Columbia Valley Rockies season comes to a close

Rockies season comes to a close after loosing four straight to Creston Valley Thunder Cats

What a season it’s been for the Columbia Valley Rockies, who are ending their year after the first round of playoffs.

The Rockies were defeated in four straight games by the Creston Valley Thunder Cats with the final scores being 5-1, 7-2, 7-4, and 5-3. According to the Rockies head coach Wade Dubielewicz, the scores aren’t reflective of how the team played. He added they could have won games three and four.

“For the most part, I’m extremely proud of this group. The four-nothing sweep is nothing indicative of how it went,” said Dubielewicz.

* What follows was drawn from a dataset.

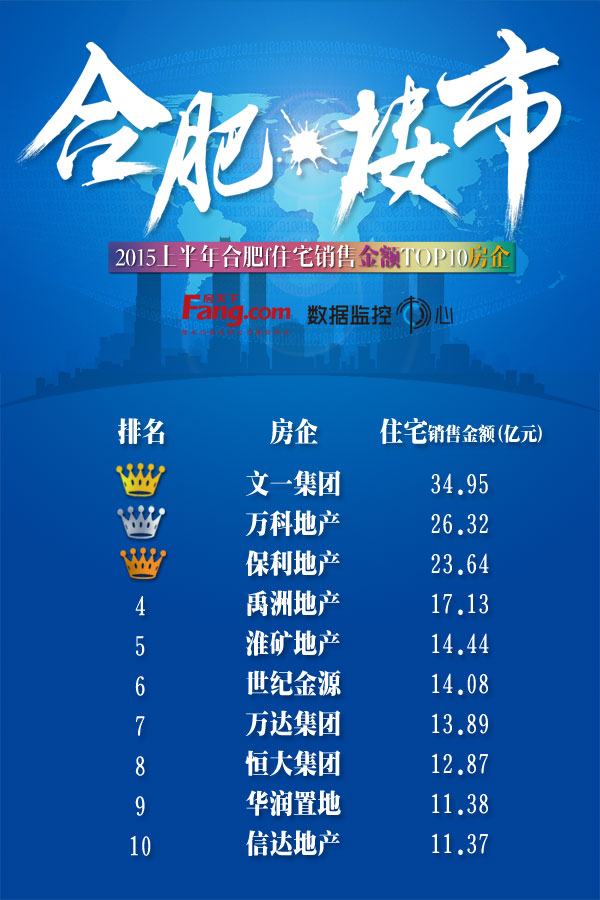 《2015年合肥楼市白皮书之“跑量榜”》日前正式出炉,文一地产以34.95亿元的销售额占据2015年上半年合肥房屋住宅销售金额TOP10第一名。其中,文一·名门北郡在合肥北部销售金额排名第二;文一·名门湖畔取得庐阳区销售额第三名;文一·名门首府取得政务区销售金额排名第三名。

As an opponent, the Creston Valley Thunder Cats were a highly offensive team with an extremely strong goaltender, which made the difference in this series.

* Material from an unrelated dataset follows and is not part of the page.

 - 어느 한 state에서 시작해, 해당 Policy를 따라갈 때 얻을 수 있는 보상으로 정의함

“In game one, we came out really strong, ready to go, had a high tempo to everything we’ve been doing on the ice. I’d say we out-chanced Creston, but their goalie Brock Lafebevre played extremely well through games one through four,” said Dubielewicz.

During game two, the Rockies were riddled by penalties; the team fought to make opportunities, but were unable to pull ahead.

“I think we were a little bit flat; we didn’t have the same energy that we did in game one. In my opinion, we had some average officiating that played a big part in the game,” said Dubielewicz.

During games one and two, Rockies forward Braydon Barker was Dubielewicz’s stand-out player of the matches.

“Braydon Barker up front demanded a lot of attention from the other team and he fought through it, created a lot of offensive opportunity,” he said.

The first two games were in Creston and for the final two games, the Rockies were back home in the Eddie Mountain Memorial Arena with the coaching staff deciding to make a few changes to the lineup for the home games.

“We moved some pieces around, I changed the lines a little bit to try to create, I don’t know, I guess a little more physicality up front. A little simpler plan defensively and, to be honest, it really did work,” said Dubielewicz.

For Dubielewicz, the Rockies outplayed the Creston Valley Thunder Cats in game three, but the game came down to strong goaltending from Creston’s Brock Lafebevre. Game four, the Rockies were down by three but came back to score two back-to-back goals in the second. The first goal scored by Cooper Krauss with 46 seconds left; and, with nine seconds left in the period, Ryan Skytt scored the second.

“They’re very emotionally sensitive, positive or negatively. So when we were able to get that goal and then get another quick one, we came in here and we were in the game and these kids were going to give everything they had to try to win game four to push to force game five,” said Dubielewicz. “Put it this way, a little bit of a spark can turn into a bonfire for us.”

The team came out strong in the third with Kyler Shmigelsky scoring the third goal, tying up the game at 15:16. The Creston Valley Thunder Cats responded two more times, taking the fourth and final match and advancing onto the next round of playoffs. Standout athlete of the final match was Rockies forward Ryan Skytt, who was out with an upper body injury for the first three games of the playoff series.

“He came back for game four, most likely too early, he couldn’t hurt himself anymore but there was a certain level of pain that he had to deal with. He’s an extremely tough kid and actually ended up taking two big hits in one shift and I thought he was actually done for the game. He came back to the bench and begged me to keep playing him and I did and he was an impact player in the game,” said Dubielewicz.

The Rockies stuck with Ben Kelsch in net and he was credited by Dubielewicz for giving the team a chance to win. With the season ending for the Columbia Valley Rockies, the team will lose three athletes Braydon Barker, Ryan St. Jean and Peter Mathews due to them aging out of the KIJHL.

Looking ahead to next season, the team is focusing on recruiting some more speed and physicality, said Dubielewicz.